Exercise prompt: Print, exactly as they appear in the listing below, the lines from the line with "Grain number per" to the line with "EXTREE Women's 35", with both end lines kept.

Exercise data:
######
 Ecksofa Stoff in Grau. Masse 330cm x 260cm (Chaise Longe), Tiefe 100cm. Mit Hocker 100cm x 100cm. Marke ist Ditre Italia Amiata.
######
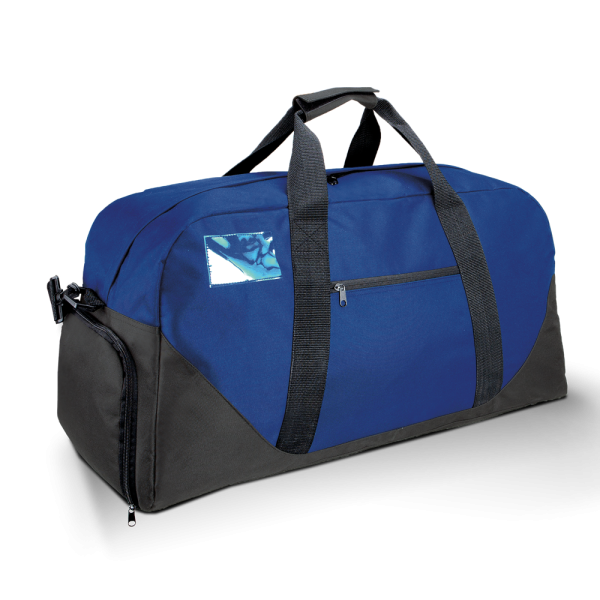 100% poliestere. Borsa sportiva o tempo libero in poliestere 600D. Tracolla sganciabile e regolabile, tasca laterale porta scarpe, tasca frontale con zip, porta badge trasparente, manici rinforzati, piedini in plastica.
######
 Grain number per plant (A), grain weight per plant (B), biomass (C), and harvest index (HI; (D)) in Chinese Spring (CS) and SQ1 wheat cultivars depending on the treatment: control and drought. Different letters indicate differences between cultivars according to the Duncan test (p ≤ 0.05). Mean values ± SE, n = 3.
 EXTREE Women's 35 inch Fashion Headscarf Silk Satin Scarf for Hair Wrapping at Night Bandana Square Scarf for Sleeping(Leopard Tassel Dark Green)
######
Response area:
 Grain number per plant (A), grain weight per plant (B), biomass (C), and harvest index (HI; (D)) in Chinese Spring (CS) and SQ1 wheat cultivars depending on the treatment: control and drought. Different letters indicate differences between cultivars according to the Duncan test (p ≤ 0.05). Mean values ± SE, n = 3.
 EXTREE Women's 35 inch Fashion Headscarf Silk Satin Scarf for Hair Wrapping at Night Bandana Square Scarf for Sleeping(Leopard Tassel Dark Green)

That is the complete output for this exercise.